═══ GIVEN MATERIAL

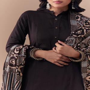 Black Linen Kurta Set with Ajrakh Dupatta
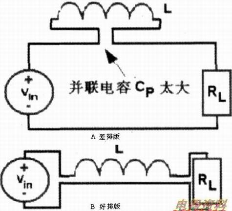 图2(c)显示了在一个PCB上输入电源(VIN)通过电感(L)至负载(RL)的不同走线方式。为了降低电感的Cp,电感的二个引脚应尽量远离。而VIN 正极至RL和VIN 负极至RL上的走线应尽量靠近。
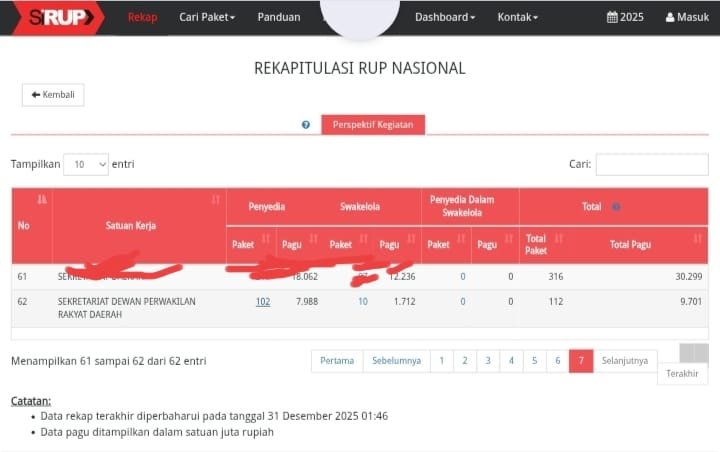 Namun, Berdasarkan penelusuran pada laman.https://sirup.inaproc.id/sirup/home/penyediaSatker?idSatker=101786 dari jumlah 102 paket pengadaan sekretariat DPRD Tubaba tahun 2025 melalui Penyedia tidak di temukan jenis kegiatan Rehabilitasi Plafon maupun Renovasi. Sehingga Kuat Dugaan Proyek Rehabilitasi Plafon di sekretariat DPRD Tubaba Terindikasi kuat syarat Adanya Permainan.

══════

Copy out every line of the data exactly, leaving the images behind.

THE COMPLETED TASK:
 Black Linen Kurta Set with Ajrakh Dupatta
 图2(c)显示了在一个PCB上输入电源(VIN)通过电感(L)至负载(RL)的不同走线方式。为了降低电感的Cp,电感的二个引脚应尽量远离。而VIN 正极至RL和VIN 负极至RL上的走线应尽量靠近。
 Namun, Berdasarkan penelusuran pada laman.https://sirup.inaproc.id/sirup/home/penyediaSatker?idSatker=101786 dari jumlah 102 paket pengadaan sekretariat DPRD Tubaba tahun 2025 melalui Penyedia tidak di temukan jenis kegiatan Rehabilitasi Plafon maupun Renovasi. Sehingga Kuat Dugaan Proyek Rehabilitasi Plafon di sekretariat DPRD Tubaba Terindikasi kuat syarat Adanya Permainan.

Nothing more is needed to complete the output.